**Work required**
Given the material below, return only the lines starting at the line with "DESCRIPTION: One page" and ending at the line with "道具的捕捉,是基于我们的角色", exactly as they appear.

**Dataset entries**
○ ○ ○ ○ ○ ○ ○

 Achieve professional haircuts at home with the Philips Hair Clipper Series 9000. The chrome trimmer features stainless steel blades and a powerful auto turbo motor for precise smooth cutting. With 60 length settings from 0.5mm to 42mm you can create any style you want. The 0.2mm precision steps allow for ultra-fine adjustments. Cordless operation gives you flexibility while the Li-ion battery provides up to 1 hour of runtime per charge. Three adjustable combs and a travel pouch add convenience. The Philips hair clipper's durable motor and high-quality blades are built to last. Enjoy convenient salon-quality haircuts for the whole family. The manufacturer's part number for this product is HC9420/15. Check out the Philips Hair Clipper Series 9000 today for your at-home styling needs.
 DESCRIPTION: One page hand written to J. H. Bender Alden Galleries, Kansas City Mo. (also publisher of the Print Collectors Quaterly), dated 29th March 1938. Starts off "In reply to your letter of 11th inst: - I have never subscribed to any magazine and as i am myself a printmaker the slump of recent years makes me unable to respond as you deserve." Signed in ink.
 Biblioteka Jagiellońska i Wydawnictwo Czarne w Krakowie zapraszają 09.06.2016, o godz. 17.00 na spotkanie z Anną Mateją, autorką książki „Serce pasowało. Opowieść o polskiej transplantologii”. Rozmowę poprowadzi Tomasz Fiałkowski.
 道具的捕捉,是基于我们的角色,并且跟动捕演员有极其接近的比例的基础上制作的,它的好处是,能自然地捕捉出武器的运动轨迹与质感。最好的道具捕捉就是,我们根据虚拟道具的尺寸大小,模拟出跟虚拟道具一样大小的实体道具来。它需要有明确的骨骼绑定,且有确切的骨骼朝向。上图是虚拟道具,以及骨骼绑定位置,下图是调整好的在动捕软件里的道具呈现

○ ○ ○ ○ ○ ○ ○

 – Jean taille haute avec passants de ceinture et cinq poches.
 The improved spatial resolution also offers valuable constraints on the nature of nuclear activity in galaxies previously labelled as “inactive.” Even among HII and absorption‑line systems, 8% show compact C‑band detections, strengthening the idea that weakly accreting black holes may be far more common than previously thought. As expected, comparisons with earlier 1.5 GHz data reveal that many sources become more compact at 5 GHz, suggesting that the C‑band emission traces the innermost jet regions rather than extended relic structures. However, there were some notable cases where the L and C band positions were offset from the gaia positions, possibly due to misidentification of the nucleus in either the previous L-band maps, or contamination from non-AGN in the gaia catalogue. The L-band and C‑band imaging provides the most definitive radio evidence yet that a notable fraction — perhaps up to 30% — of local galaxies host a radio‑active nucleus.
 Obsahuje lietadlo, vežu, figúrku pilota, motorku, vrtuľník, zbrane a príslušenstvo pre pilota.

○ ○ ○ ○ ○ ○ ○

**Written solution**
 DESCRIPTION: One page hand written to J. H. Bender Alden Galleries, Kansas City Mo. (also publisher of the Print Collectors Quaterly), dated 29th March 1938. Starts off "In reply to your letter of 11th inst: - I have never subscribed to any magazine and as i am myself a printmaker the slump of recent years makes me unable to respond as you deserve." Signed in ink.
 Biblioteka Jagiellońska i Wydawnictwo Czarne w Krakowie zapraszają 09.06.2016, o godz. 17.00 na spotkanie z Anną Mateją, autorką książki „Serce pasowało. Opowieść o polskiej transplantologii”. Rozmowę poprowadzi Tomasz Fiałkowski.
 道具的捕捉,是基于我们的角色,并且跟动捕演员有极其接近的比例的基础上制作的,它的好处是,能自然地捕捉出武器的运动轨迹与质感。最好的道具捕捉就是,我们根据虚拟道具的尺寸大小,模拟出跟虚拟道具一样大小的实体道具来。它需要有明确的骨骼绑定,且有确切的骨骼朝向。上图是虚拟道具,以及骨骼绑定位置,下图是调整好的在动捕软件里的道具呈现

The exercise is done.